For a slightly different version, see Jim Throgmorton. 2008. Iowa City Press-Citizen (June 18): 15A.
On the morning of Saturday the 14th of June, I passed by a man who was saying, “It is obvious what the city should do: it should build dikes all along the river. That would keep the water out.” He clearly meant permanent levees, like one finds along the Mississippi in south Louisiana. I immediately thought, no, that would be precisely the wrong thing to do. But I did not reply. Exhausted and depressed from filling sandbags and then seeing floodwaters overtop or circumvent some of the temporary walls we had built, I felt there was nothing I could say or do that would make any difference.
That was exhaustion speaking.
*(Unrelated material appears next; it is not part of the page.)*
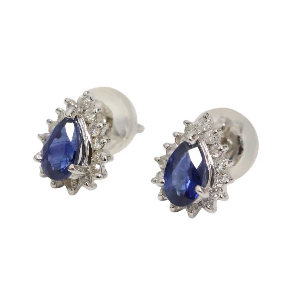 Pt900 プラチナ900 サファイアピアス ダイヤモンド レディース ジュエリー シルバーカラー【中古】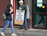 Жанровая фотография. Мужчина с рекламной панелью (живая реклама или (промо-сэндвич) на улице.

Feeling better rested now, I realize I that my role is to help all of us look ahead and, especially, to think clearly about some key questions that will occupy our collective attention for many months to come: first, what should we do after the floodwaters recede, and second, by what process should we answer that question?
The man’s claim draws attention to one alternative course of action: to build permanent floodwalls. But surely there are others. What are they? What likely consequences should we take into account when choosing among alternatives? How shall we decide which consequences matter most? Who would benefit and who would lose from any particular choice? Who should? Planners, engineers, and other experts are trained to ask these kinds of questions, but they should not be expected to answer all of them. Rather, we will need to devise a collaborative planning process that involves experts, stakeholders, and the lay public.
In my view, enclosing the river in parallel floodwalls is a bad idea for at least three reasons. First, it would destroy the greatest asset Iowa City, Coralville, and the university have: the view of a lovely river winding through the heart of town. Second, it can lead to even worse flooding in the event a levee fails. (The flooding of Highway 6 in Coralville exemplifies this kind of consequence.) Third, floodwalls only exacerbate the consequences of flooding for people who live downstream from the diked area. We all live downstream from somebody else, don’t we?
This notion that we all live downstream points toward a second alternative: to eliminate existing structures in the floodplain and to use the land only in ways that can accommodate future flooding. As parkland, for example. For those of us in the Iowa City/Coralville area, this would include the Coralville strip, the Iowa River Landing development, the Normandy Drive and Idyllwild residential areas, large parts of the University of Iowa campus, the Thatcher Trailer Court, and many other places. Just naming these areas reveals that this alterative would have to be refined. Thus a third alternative would be to rehabilitate some damaged buildings in the floodplain, but rebuild them so that they can withstand equivalently severe flooding in the future.
How severe might some future flood be? Can the risk of equivalent (or worse) flooding in the future be reduced through actions we can take in the present? As suggested earlier, other people are better prepared to answer these questions than I am, but I do know that the long-term conversion of tall grass prairie and wetlands into corn and soybean fields has (when coupled with increased coverage of land with concrete and asphalt) had the effect of reducing the soil’s ability to absorb rainfall and slow runoff. These facts point to a fourth alternative: find more ecologically sound ways to accommodate predictable variations in precipitation.
Other alternatives exist. We should explore them wisely. As my own responses suggest, this kind of wise exploration must be informed by a range of experts, but it will also need to reflect the values of the diverse people of the University and the Iowa City area. Instead of diving headfirst into a murky lake of floodwalls and dams, we need to look ahead and plan collaboratively.